:: TASK GOAL ::
The answer is all of the data repeated exactly, with each picture omitted.

:: DATASET CONTENT ::
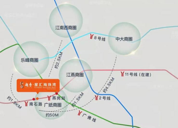 项目位于广州五大主城区之一的海珠区,现成地铁广佛线燕岗站附近;海珠创新湾头部发展区域,广纸新城核心腹地,坐拥千年羊城繁华,未来创新湾将承接广州城央高净值人群的消费、娱乐、居住等需求,是广州全市风水最旺处,为云山环抱处,和珠水汇聚。广纸所在片区为“玉带环腰水”格局,居者非贵则富,多主事业成功、财运亨通,赚钱比较容易,且能积聚至富。
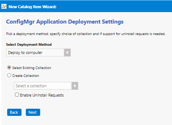 If you are adding an application from ConfigMgr, perform the following steps on the ConfigMgr Deployment Settings panel when Enable selection of existing collection when creating/editing a catalog is disabled:
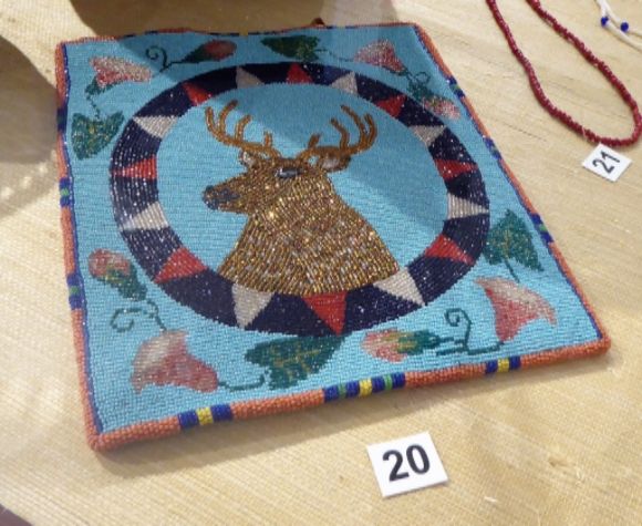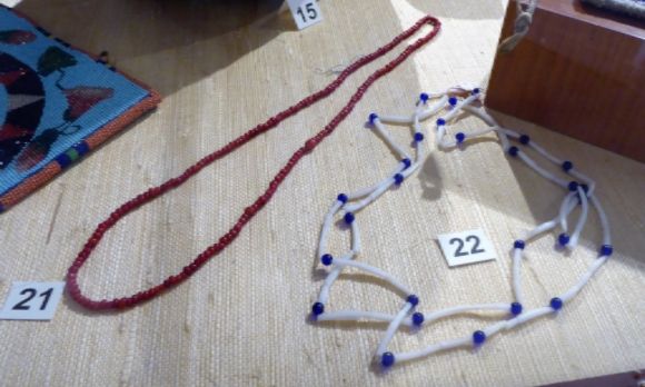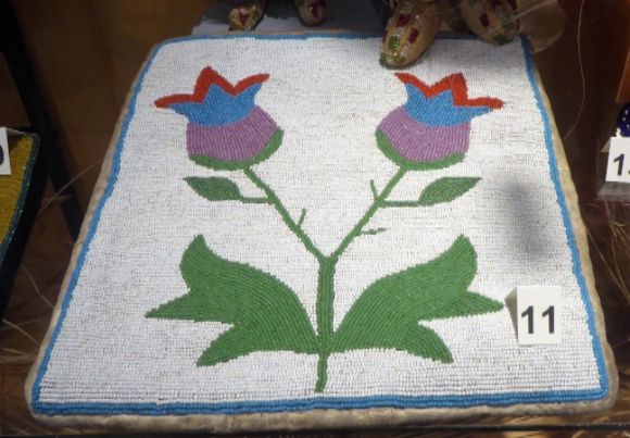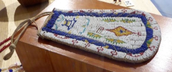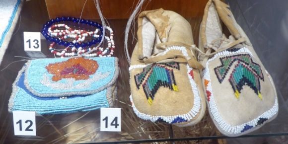 Shown above are: (12) a beaded purse, (13) a blue bracelet, and (14) a pair of beaded moccasins.
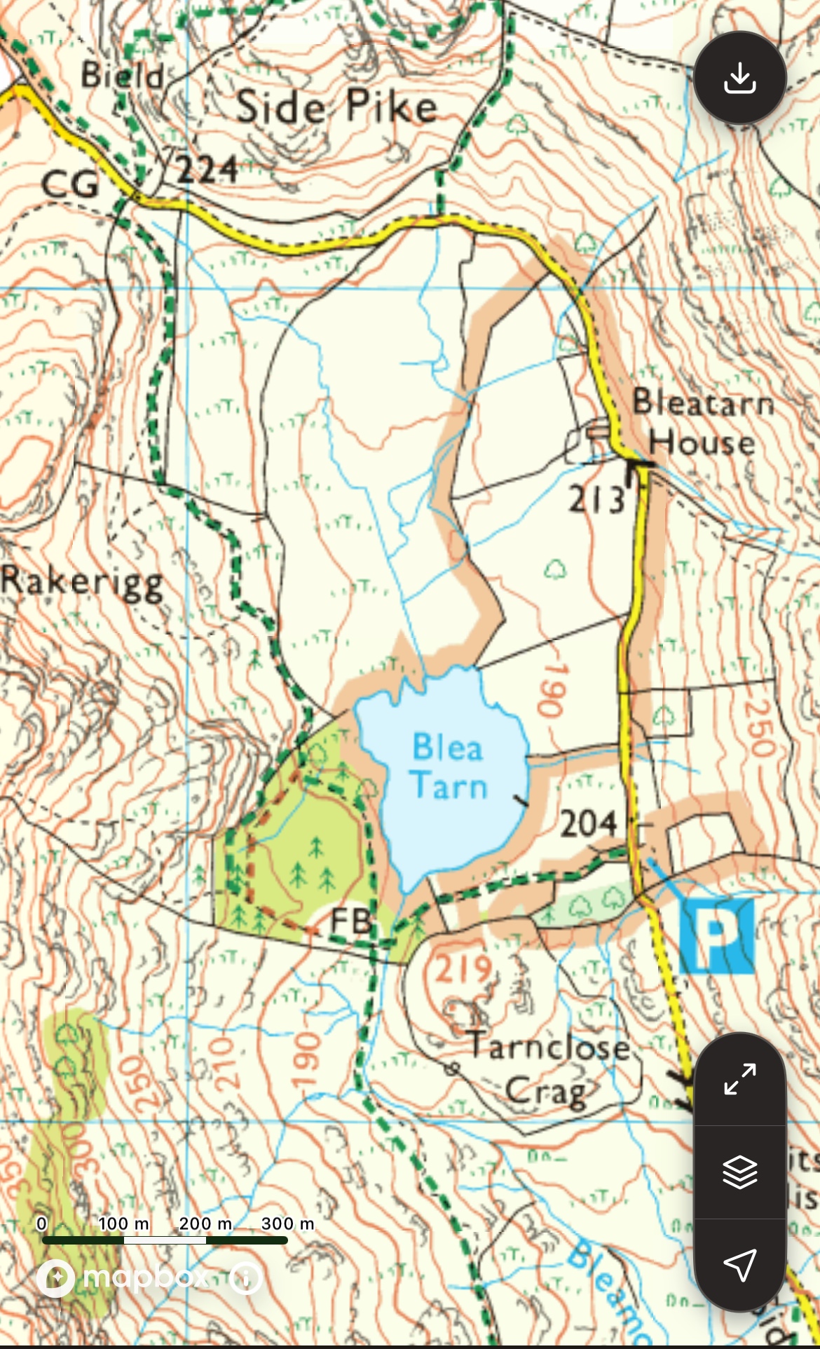 The tarn is always visible over the wall to your left and and the Langdales will seem huge the closer you get to Bleatarn House. Despite being on a sealed road it feels wonderful to be up high in open country.
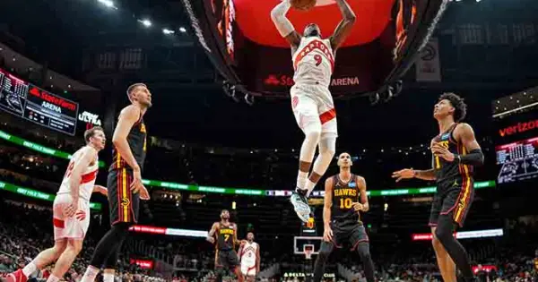 Con una desventaja de 13 puntos en el segundo cuarto, Toronto tomó la delantera 82-81 con una bandeja de Scottie Barnes a mitad del cuarto. Immanuel Quickley encestó un triple para poner el marcador 85-81 y los Raptors se alejaron en el inicio de un viaje de cinco partidos.

:: REPLY TO THE TASK ::
 项目位于广州五大主城区之一的海珠区,现成地铁广佛线燕岗站附近;海珠创新湾头部发展区域,广纸新城核心腹地,坐拥千年羊城繁华,未来创新湾将承接广州城央高净值人群的消费、娱乐、居住等需求,是广州全市风水最旺处,为云山环抱处,和珠水汇聚。广纸所在片区为“玉带环腰水”格局,居者非贵则富,多主事业成功、财运亨通,赚钱比较容易,且能积聚至富。
 If you are adding an application from ConfigMgr, perform the following steps on the ConfigMgr Deployment Settings panel when Enable selection of existing collection when creating/editing a catalog is disabled:
 Shown above are: (12) a beaded purse, (13) a blue bracelet, and (14) a pair of beaded moccasins.
 The tarn is always visible over the wall to your left and and the Langdales will seem huge the closer you get to Bleatarn House. Despite being on a sealed road it feels wonderful to be up high in open country.
 Con una desventaja de 13 puntos en el segundo cuarto, Toronto tomó la delantera 82-81 con una bandeja de Scottie Barnes a mitad del cuarto. Immanuel Quickley encestó un triple para poner el marcador 85-81 y los Raptors se alejaron en el inicio de un viaje de cinco partidos.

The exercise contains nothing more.